An early morning downpour pushed the toss and subsequently the start of play back half an hour. Throughout the hour pre- and post-toss there was no rain at all, yet within a few overs the players were forced off again.

The case was the same during both the lunch and tea breaks, taken earlier due to brief showers. Those showers cleared, but by the time the bell had rung to end recess the rain had returned.

The frustration is most keenly felt by those in the stands who have paid to watch a dry, empty cricket field for the day.

As one person submitted to the ABC Sport blog, “I’m in the Brewongle stand with my son at his first test. Out $400 bucks for 20 overs. I know they can’t help the rain, but this tea break is totally unwarranted”.

It may be fighting against the rising of the tide, because the only thing more wedded to tradition than the SCG Test is the game of Test cricket itself, but there must be a better way.

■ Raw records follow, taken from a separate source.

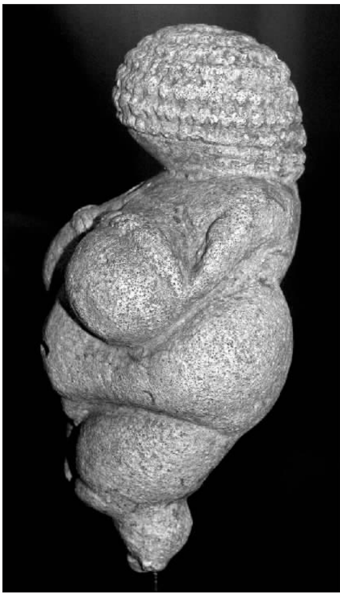
威冷道夫的维纳斯

于对迈锡尼王宫遗址的发掘和研究而闻名遐迩,他在全面调查研究了基克拉底古墓群后,为这个新发现的文明命名为“基克拉底文明”。由于该地区的有利地理位置,基克拉底群岛一度控制爱琴海贸易的海上霸权。而活跃的商贸活动也为该地区居民带来巨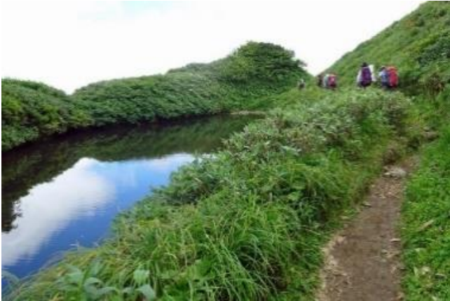
御手洗の池を過ぎ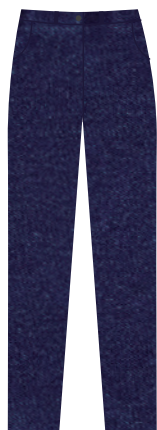
Pantalón de mezclilla color azul marino *Marca libre, sin estampados, decoloraciones o roturas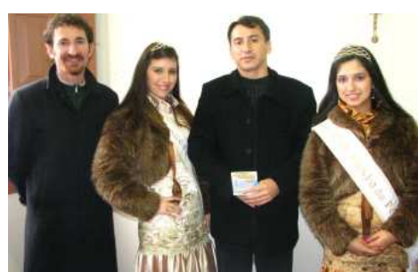
Na redação do Jornal O Garibaldense, de Garibaldi.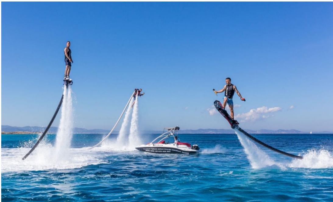
Hình 04. Flyboard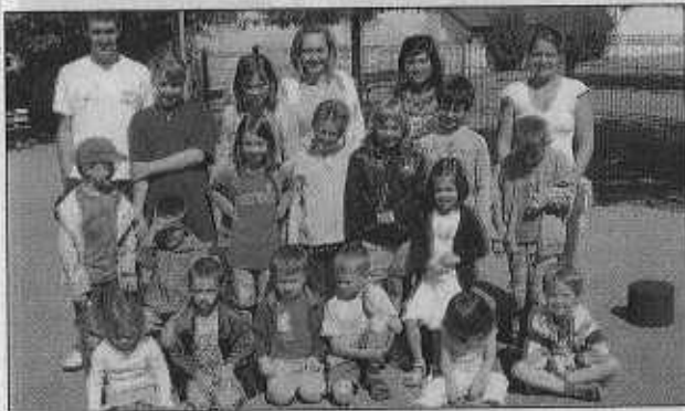
Les enfants et les animateurs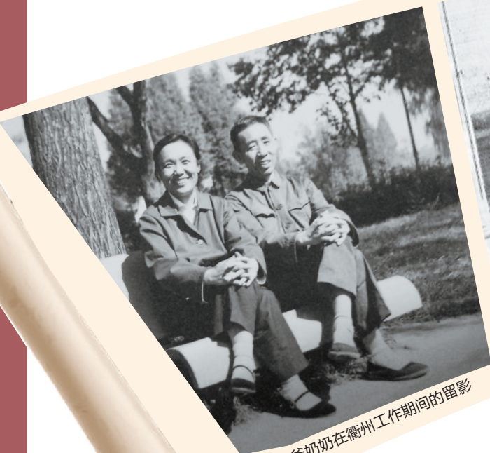
爷爷奶奶在衢州工作期间的留影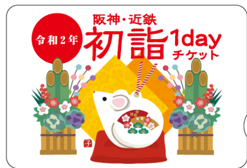
「阪神・近鉄 初詣 1day チケット」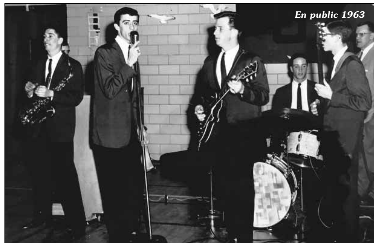
En public 1963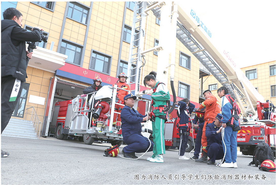
图为消防人员引导学生体验消防器材和装备。

河北法制报讯 (记者梁燕)3月23日,张家口市消防救援支队尚义县救援大队开展消防站开放日活动,迎来尚义县第二中学师生们参观学习。师生们“零距离”体验消防站生活、感知消防文化、学习消防知识、感受消防魅力。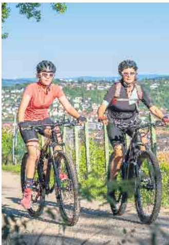
Damit keine Beschwerden das Radvergnügen trüben, sollte vor allem der Sattel richtig eingestellt sein.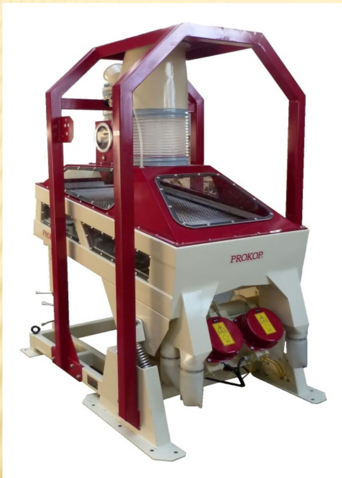
Odkaménkovač PVS 2-7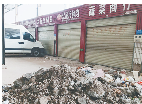
育才路农贸市场与尚武街交叉口向东约100米路南，垃圾渣土堆积。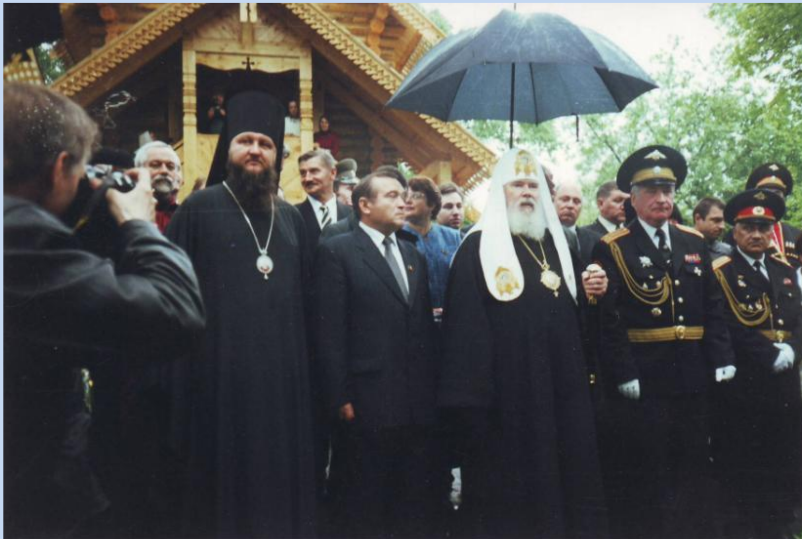
30 мая 2001 года Храм освящен Святейшим Патриархом Московским и всех Руси Алексием II.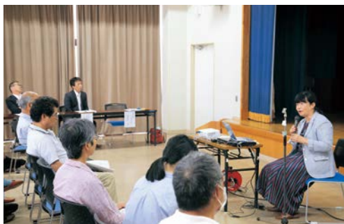
▲渥美半島の環境について学ぶ講演会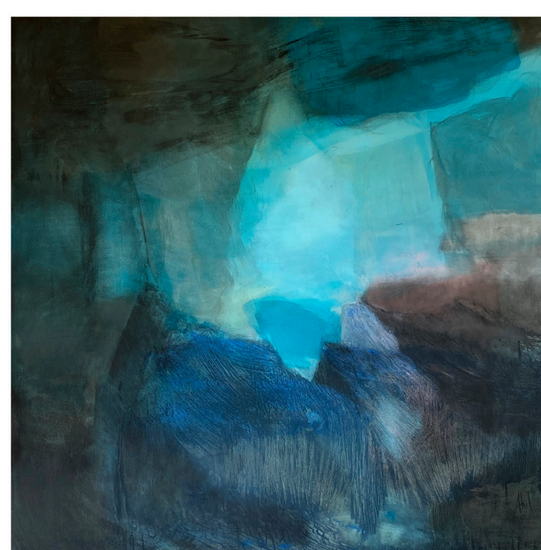
L'ombre du vent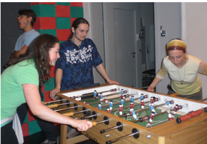
Unterhaltung: Kickerturnier im Proberaum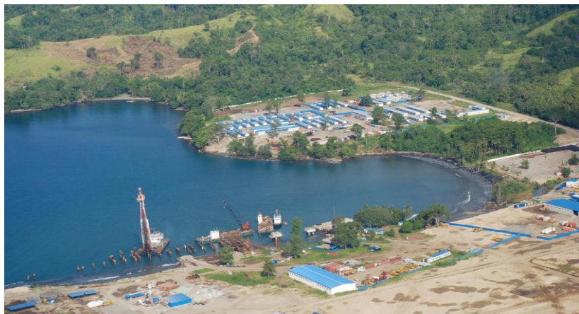
未瑞木镍钴矿项目现场

巴新经济支柱产业为矿产和石油、农业、林业、渔业等。主要出口产品有液化天然气、黄金、铜、银、原油、镍钴、木材和棕榈油、咖啡、可可。

Australian batters Marcus Harris and Marnus Labuschagne talk in the middle of the SCG pitch during an Ashes Test at the SCG.
Marcus Harris and Marnus Labuschagne at the crease together.(Getty: Steven Markham/Speed Media/Icon Sportswire)

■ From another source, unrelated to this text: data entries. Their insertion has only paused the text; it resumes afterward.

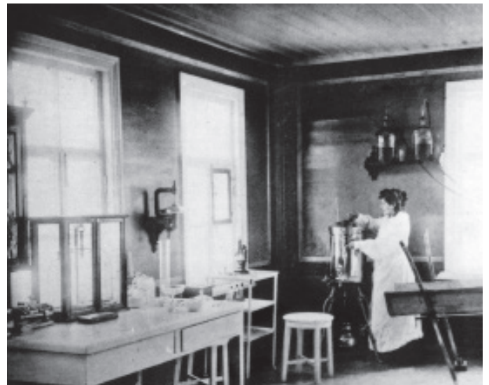
В лаборатории оспенного института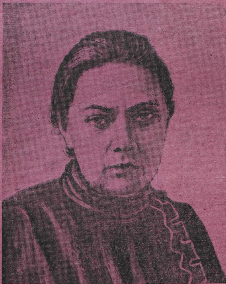
NADESHDA KONSTANTHOWNA KRUPSKAJA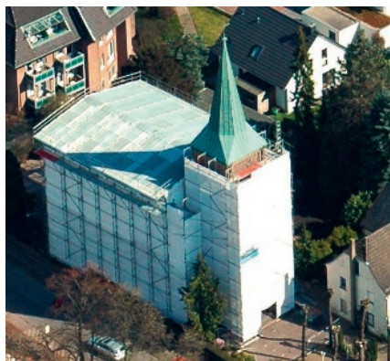
2016 war die Altstadtkirche für die umfangreichen Restaurierungs- und Umbauarbeit über mehrere Monate komplett eingehaust.

Der Verein hat die Restaurierung der Altarbibel, die zur Errichtung der Kirchengemeinde 1839 als Geschenk des rheinischen Konsistoriums übergeben wurde, bei den Werkstätten des Landschaftsverbandes Rheinland, Abteilung Abtei Brauweiler, in Auftrag gegeben. Der Vorstand übergibt die Bibel nach Abschluss der Arbeiten in einem Gottesdienst in der Altstadtkirche am 1. Advent 2023.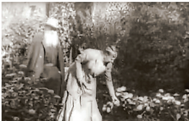
FIGURA 11. Lleó Tolstoi i la seva esposa Sofia al jardí que cultivaven de Yásnaia Poliana (Rússia). Anys 1900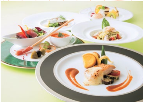
見た目の美しさはもちろんのこと旬な食材などシェフのこだわりが見られる。ホテルでしか味わえないおいしい料理にぜひ舌鼓を。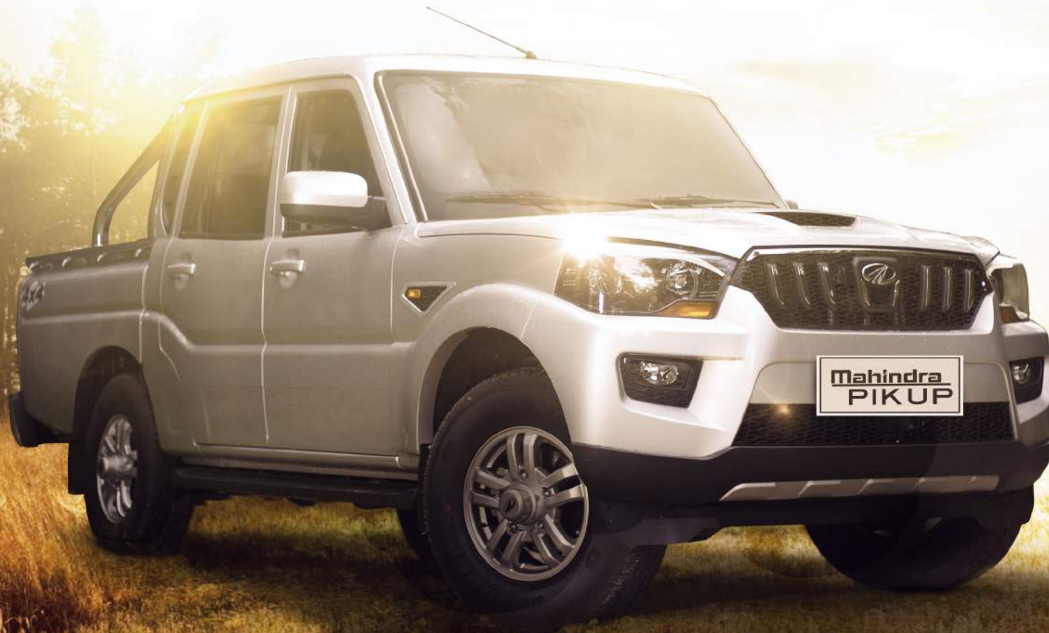
Imagen de referencia, algunas características técnicas y accesorios pueden cambiar sin previo aviso.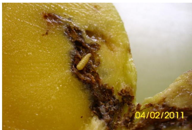
FIGURA 4 - Dano causado pelas moscas-das-frutas

Os principais danos causados por Anastrepha spp. são decorrentes da oviposição em frutos ainda verdes, provocando o seu murchamento antes de atingirem a maturação. (MEDINA et al., 1980).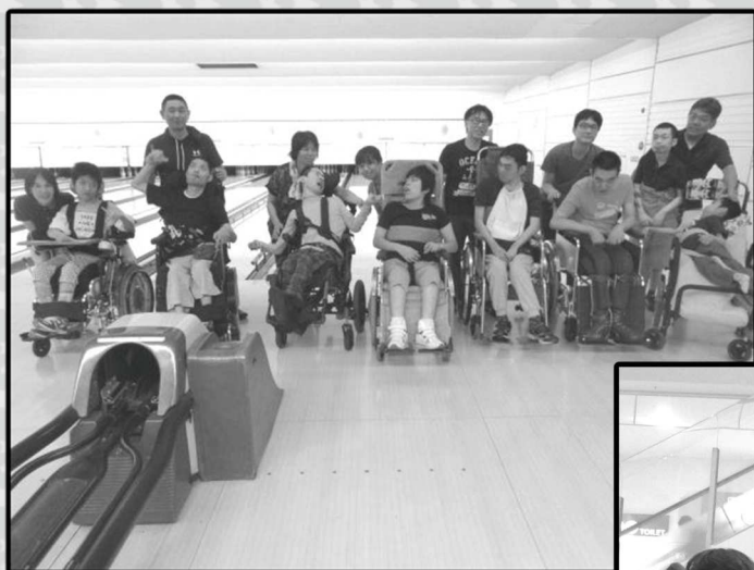
↑ ボウリング外出 (大地の家)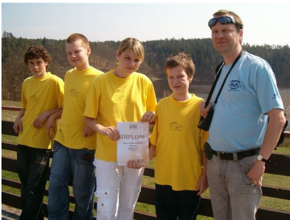
154 ZŠ Husova 6. v ČR

The whole scene made for a weary, sluggish opening to the day’s play, which truth be told didn’t need any greater excuse for a sleep in.

With the horse long bolted, England finally selected the best bowling attack available to it, ignoring whatever mad scientist suggested playing James Anderson and Stuart Broad as soon and as often as their bodies allowed was a bad idea.

But the juice was missing. Broad and Ben Stokes battled to tip 130kph on the speed gun. Marcus Harris, for whom only two Tests ago runs were as rare as RATs, batted for 100 balls entirely without alarm.

Even David Warner’s dismissal to Broad felt like another coded jab at England, rubbing the tourists’ noses into the fact that the man who has taken his wicket 13 times in Test cricket had only been considered worthy of selection in one of the first three matches.

It wasn’t until the late afternoon that the sun finally emerged, and with it England.

Mark Wood leans back and screams with his mouth open, fists clenched and eyes closed
Mark Wood claimed the valuable wicket of Marnus Labuschagne.(Getty Images: Cameron Spencer)

Anderson removed Harris in the fashion Harris is always likely to be removed, edging an angled delivery to the cordon when a leave would have sufficed.

And Mark Wood, the rough and ready Geordie who will be one of the few to leave this tour with reputation somewhat enhanced, again proved that even Marnus Labuschagne is vulnerable to a good ball at express pace.

The field suddenly closed in around Steve Smith and the returning Usman Khawaja, and suddenly it felt like a Test match might break out.

Rain put an end to that notion swiftly enough. And though the covers were off the pitch as quickly as they were placed on, stumps were called abruptly and another 35 minutes of play was lost.

It was just that sort of day in the end. Let’s hope for a break in tradition on day two.